Another difference is that SCX already has 4-lane track compatibility, Carrera does not.

Mechanically, both systems are fine. While the track is identical in size, the two brands are not interchangeable.

-- Bill


----------



## PD2 (Feb 27, 2003)

roadrner said:


> Can you give us some pix of your deals? My Target didn't have squat.  rr


I can rr - just need to get the camera and snap some pics later. I'll do that and post some up for you and the rest of the guys here.

PD2:thumbsup:


----------



## roadrner (Jul 21, 1999)

PD2 said:


> I can rr - just need to get the camera and snap some pics later. I'll do that and post some up for you and the rest of the guys here.
> 
> PD2:thumbsup:


Thanks! rr


----------



## PD2 (Feb 27, 2003)

roadrner said:


> Thanks! rr


Here you go rr! They are in my Gallery - 

http://photos.hobbytalk.com/showgallery.php/cat/500/ppuser/12461

Let me know if you want more or need something specific. Or just let me know if you have any questions about what you see.

Thanks for your patience!
PD2:thumbsup:


----------



## rudykizuty (Aug 16, 2007)

My local Target just got a heap of SCX 1/43 sets in......I am sooooo tempted. 

I'm pretty sure though that it would be the breaking point where the TM is concerned.


----------



## 1976Cordoba (Sep 20, 2000)

rudykizuty said:


> My local Target just got a heap of SCX 1/43 sets in......I am sooooo tempted.
> 
> I'm pretty sure though that it would be the breaking point where the TM is concerned.

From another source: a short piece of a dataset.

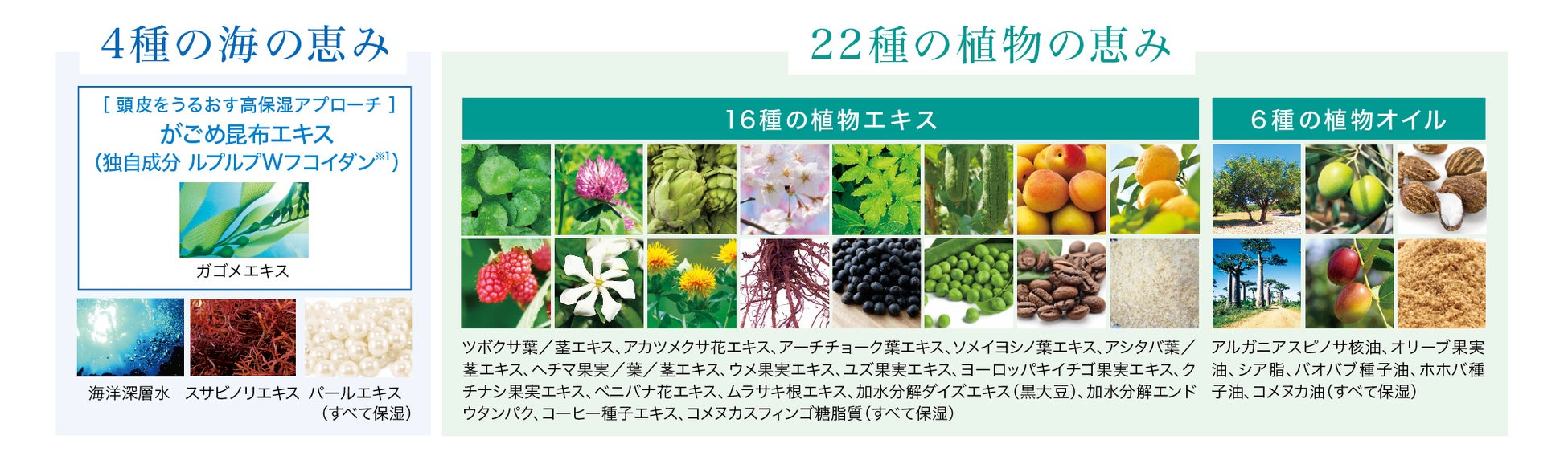 がごめ昆布に着目しシオノギヘルスケアと共同開発した、高分子フコイダン(表面をうるおいコート)と低分子化フコイダン(内部*³にうるおいを届ける)を組み合わせた「がごめ昆布エキス[独自成分ルプルプWフコイダン(シオノギ海藻エキス)*²]」の配合により毛髪の保水力を高めることができます。
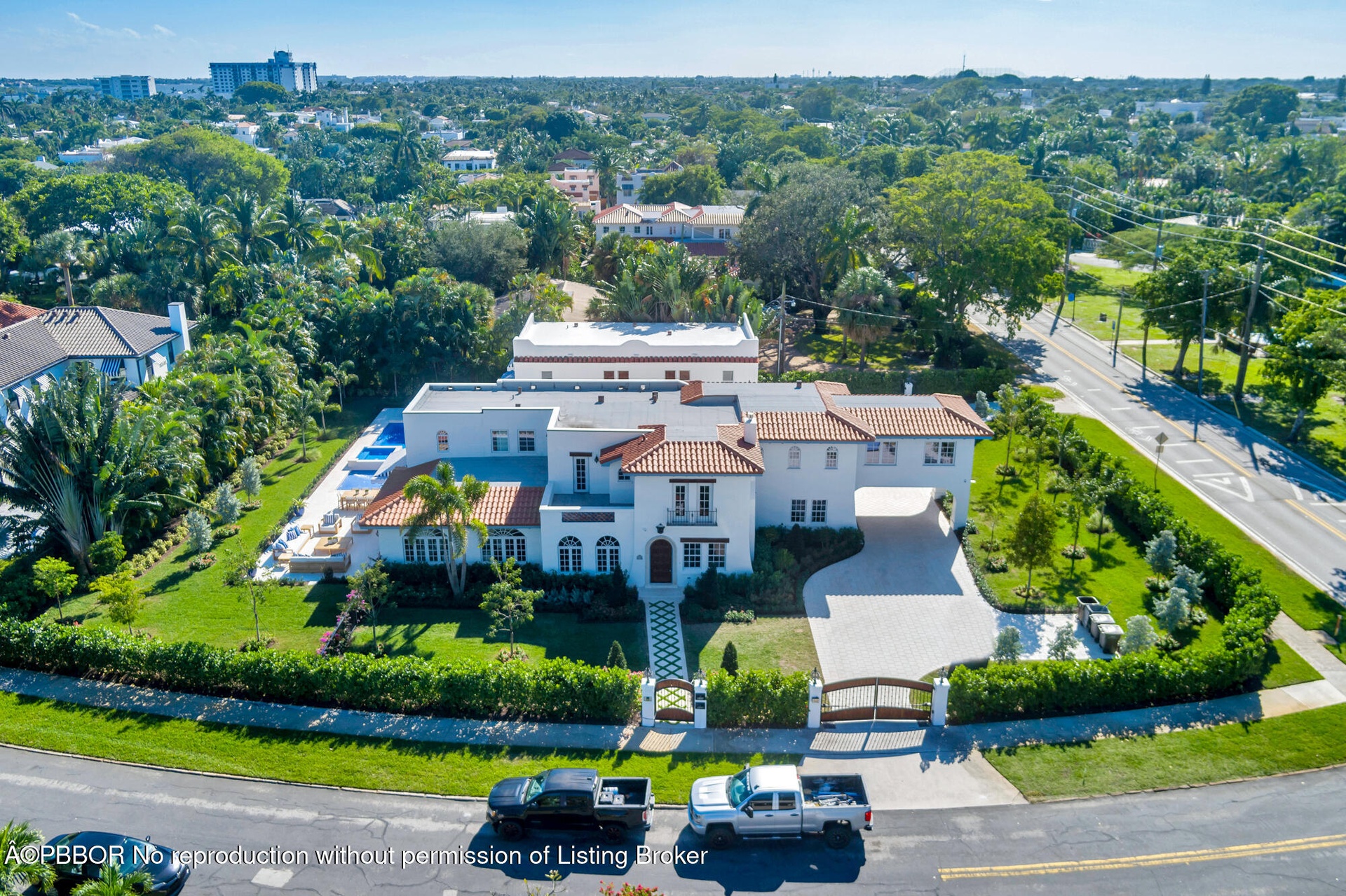 One of the largest estate properties in West Palm Beach. Located in Prospect Park, this stunning historic home has been meticulously expanded and renovated by Summit Development and redesigned by Olivia Charney Interiors. This 24,829 SF property has 2 structures comprising of 7,494 Living Square Feet and 8,800 Total Square Feet. The Main House has 5 Bedrooms and 5 baths, all en-suite, with grand entertaining spaces including a large foyer, a dining room which can seat 10-12 people and butler's bar and service area. The eat-in kitchen has a breakfast area open to the great room and there is an expansive Living Room. There's even a porte-cochere with a north entrance to the drive. Off the kitchen the hallway leads down to the 5th bedroom in the house and an office overlooking the front yard. The kitchen has Wolf dual fuel ovens and gas range, a 36" stand-alone Sub-Zero refrigerator and a 36" freezer, and a Sub-Zero beverage center. The Scullery has a 2nd sink, dishwasher, refrigerator and a 1st floor laundry. Between the kitchen and the living room is the butler's pantry which includes a Sub-Zero wine refrigerator and ice machine

I think the Micro Scalectric HO stuff will work with the SCX track -- I'll check later and let you know.

That may be your in for getting some 1/43 track.


----------



## rudykizuty (Aug 16, 2007)

1976Cordoba said:


> I think the Micro Scalectric HO stuff will work with the SCX track -- I'll check later and let you know.
> 
> That may be your in for getting some 1/43 track.


heh heh


----------



## micyou03 (Apr 8, 2003)

My Microscalextric car works on my 1/43rd Artin track.


----------



## PD2 (Feb 27, 2003)

Hhhhmmm? Never tried to put my Micro Scalextric on my large scale track.....will need to try that.

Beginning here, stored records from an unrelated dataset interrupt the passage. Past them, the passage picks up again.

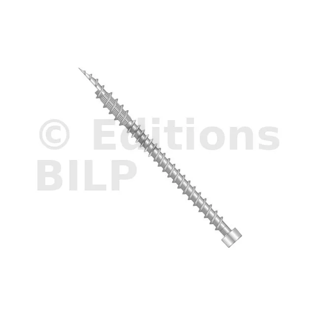 - Tête cylindrique : diminue l’éclatement du bois et rend la fixation invisible dans le bois,
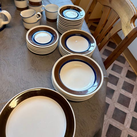 Selger et vakkert servise kjent for sitt klassiske blå/hvite uttrykk og tidløse design. Serviset er pent brukt og fremstår i svært god stand, uten synlige skader. Dette er kvalitetsporselen som varer i generasjoner – perfekt både til hverdag og finere anledninger.
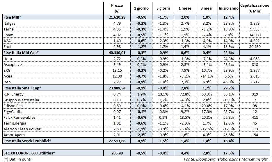 L’andamento di ieri del Ftse Italia Servizi Pubblici è così stato peggiore sia rispetto al principale indice di piazza Affari, cioè il Ftse Mib (-0,5%), sia rispetto allo Stoxx Europe 600 Utilities (-0,5%).
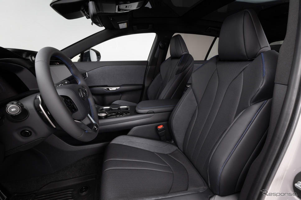 RZ 550e F SPORT AWDの内装は、このグレード専用のブルーステッチアクセントを施した黒のウルトラスエード内装トリムを特徴としている。マイクロジオメトリックパターンデザインのセンターコンソール、フロントF SPORTスカッフプレート、F SPORTエンブレム付きステアリングホイール、アルミニウムペダルとフットレストなど、スポーティな運転体験を創出するデザインとなっている。
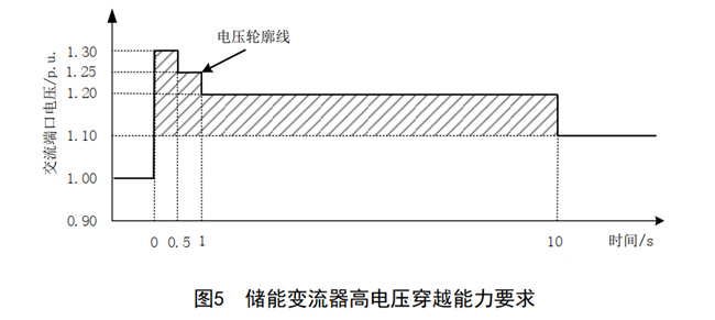 對于“高電壓穿越”,A1類、A2類、B1類和B2類儲能變流器交流端口電壓在圖5所示的電壓輪廓線及以下的區域內時,儲能變流器應不脫網連續運行。

A buddy of mine who has raced R/C for nearly 20 years finally got talked into trying an F1 SCX set out - he's hooked now!! Setting up a permanent track and having other guys over at his place to race. Now he's after a lap counter/timer! I love it when people realize how fun it is to race slot cars!! 

PD2:thumbsup:


----------



## 1976Cordoba (Sep 20, 2000)

We've added 4 RC guys to our sports car league in the last 2 years and 2 of them have built permanent tracks. :thumbsup:


----------